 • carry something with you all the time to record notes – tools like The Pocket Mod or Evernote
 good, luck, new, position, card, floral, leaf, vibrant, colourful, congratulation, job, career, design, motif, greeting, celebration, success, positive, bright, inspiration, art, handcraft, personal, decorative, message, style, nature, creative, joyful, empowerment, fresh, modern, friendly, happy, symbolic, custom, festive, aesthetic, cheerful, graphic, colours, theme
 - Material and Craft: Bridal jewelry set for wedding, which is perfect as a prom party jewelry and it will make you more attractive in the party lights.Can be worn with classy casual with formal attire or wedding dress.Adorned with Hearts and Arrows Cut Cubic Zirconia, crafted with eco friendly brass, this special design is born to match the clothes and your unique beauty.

## Work order
Retype the data precisely.

## Answer to this problem
 • carry something with you all the time to record notes – tools like The Pocket Mod or Evernote
 good, luck, new, position, card, floral, leaf, vibrant, colourful, congratulation, job, career, design, motif, greeting, celebration, success, positive, bright, inspiration, art, handcraft, personal, decorative, message, style, nature, creative, joyful, empowerment, fresh, modern, friendly, happy, symbolic, custom, festive, aesthetic, cheerful, graphic, colours, theme
 - Material and Craft: Bridal jewelry set for wedding, which is perfect as a prom party jewelry and it will make you more attractive in the party lights.Can be worn with classy casual with formal attire or wedding dress.Adorned with Hearts and Arrows Cut Cubic Zirconia, crafted with eco friendly brass, this special design is born to match the clothes and your unique beauty.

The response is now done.